There are two people living in my body. One of them is writing to you now. He’s constantly thinking, turning an analytical eye to important and decidedly not important things. He’s often told that he thinks too much, which is true. The other doesn’t have that luxury. His mind is absorbed entirely by trying to process two new languages and one new culture: Spanish, Kichwa, and San Pedro de Aucaparte.
But that’s not the only difference. In many respects, my Ecuadorian side is an empty vessel. In order to absorb everything that I see in the Amazon, I need to open a big space in myself. A space where I can laugh at jokes no matter how lame they are, where I can take pleasure in conversations no matter how basic they have to be. And a space where I can make make mistakes, accept that I’m going to be a laughingstock anyway, and make a fool of myself without embarassment. Where I would make a snap judgement in English and refine it, in Spanish, my opinions form slowly, if at all. And when they do form, they take longer to turn into action. While helping put up the walls of our new museum of indigenous art, I saw one of the children playing with a broken knife. Usually, I would immediately run over and take the knife away before anything bad happened. But as I was in full Spanish-Kichwa mode (my fellow workers speak almost nothing but Kichwa on the job), a good thirty seconds elapsed between seeing the kid and questioning my coworkers “Debe la guagua tiene un cuchillo?!” (Should that kid have a knife?!) In the meantime, I’d been slowly watching the picture of the child with a broken knife dissolve into a decision like the little pellets of instant coffee and powdered milk dissolve into my morning hot water.
If I’m slower in Spanish, at least I don’t complain. Nothing bothers me too much. When a wasp lands on me as I scrub dirt off my clothes at the basin, I let it crawl about as it pleases. When the guaguas (babies) start crying for no apparent reason, I ignore their crocodile tears the way their mothers know to do. When we don’t have enough water in the house to wash the dishes, brush our teeth, or wash ourselves, that’s fine, I can wait.

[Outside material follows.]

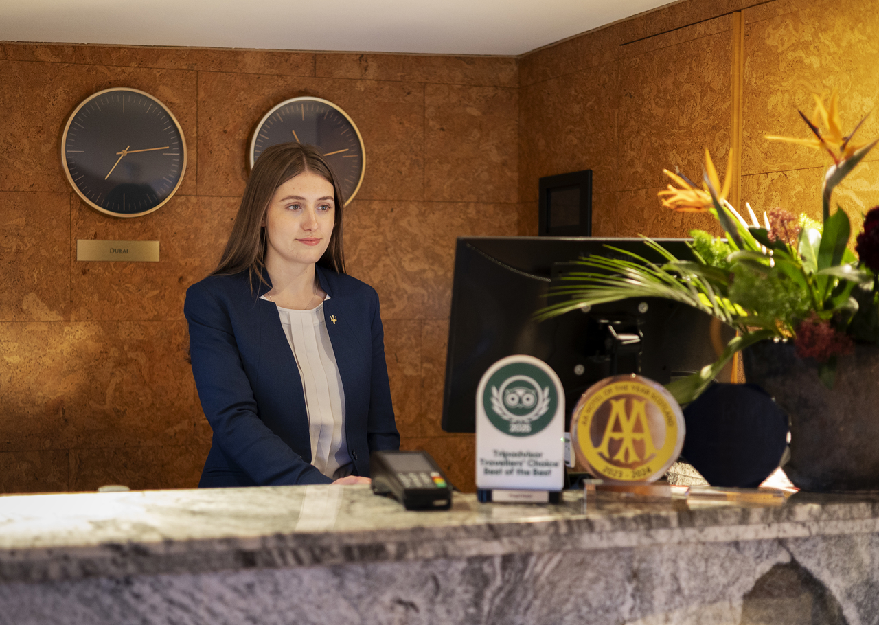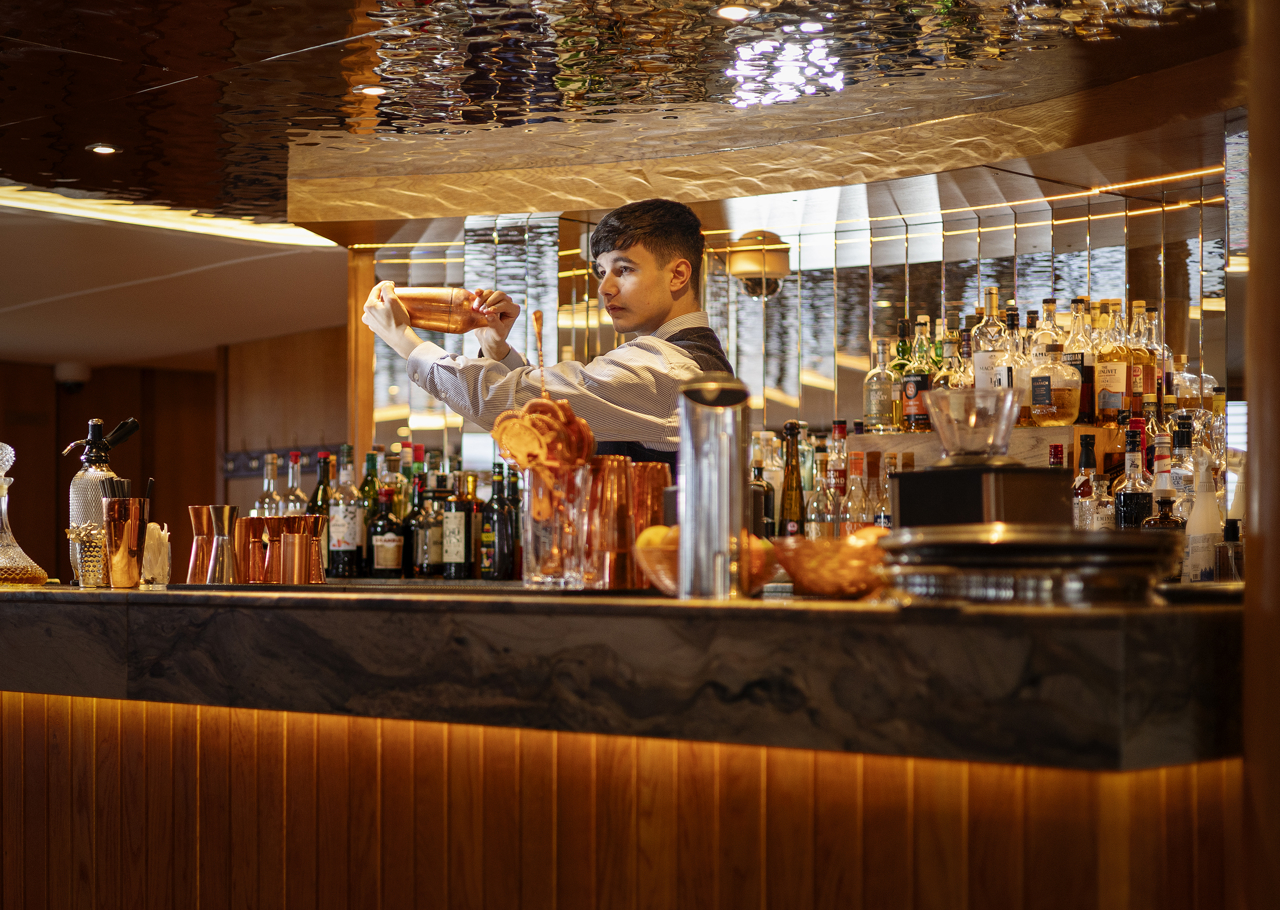 Mia, Guest Experience Assistant, awaits our guests' arrival at Fingal for a luxurious experience in our floating hotel.

But sometimes my US side asserts itself. One night, too tired to help my brother with his homework, I got in bed and started reading a new book. It was intoxicating. I couldn’t stop reading, though I had to use the red light of a headlamp squished under my pillow so as not to leak too much light into my other family members’ rooms. The transportation to a different world was a relief from an ache that Ecuadorian me didn’t know existed. An ache of lack of privacy, but mostly of lack of expression. My Spanish is now good enough that I understand almost everything my family members and coworkers say, but I can’t hear the beauty in it. And I certainly can’t turn a phrase myself. I have one, maybe two ways to say what I want, and rarely do I have a sense of their different connotations. But in English! Fluency is a massive gift that I didn’t really appreciate until I had to go for days at a time without it. As I sat in bed, I saw spaceships grinding to a halt, red and white binary stars revolving in the vacuum, aliens watching human miners fall from the sky. Looking a little farther up, I saw the same red light reflecting dully off my cement block walls and I fell to earth.
It’s important to be a split person right now. My US side carries too many biases from the States to really accept the differences of Kichwa culture. Before I can try to change anything here, I need to understand how my community thinks. I’m one volunteer with an organization of 14, in a community of a hundred or more. If what I have to offer doesn’t show up in a form that they like, the seed won’t take. So for now, I listen. And in time, I hope to see this shell-like persona develop into a full human being, who will have a lot to teach the old me.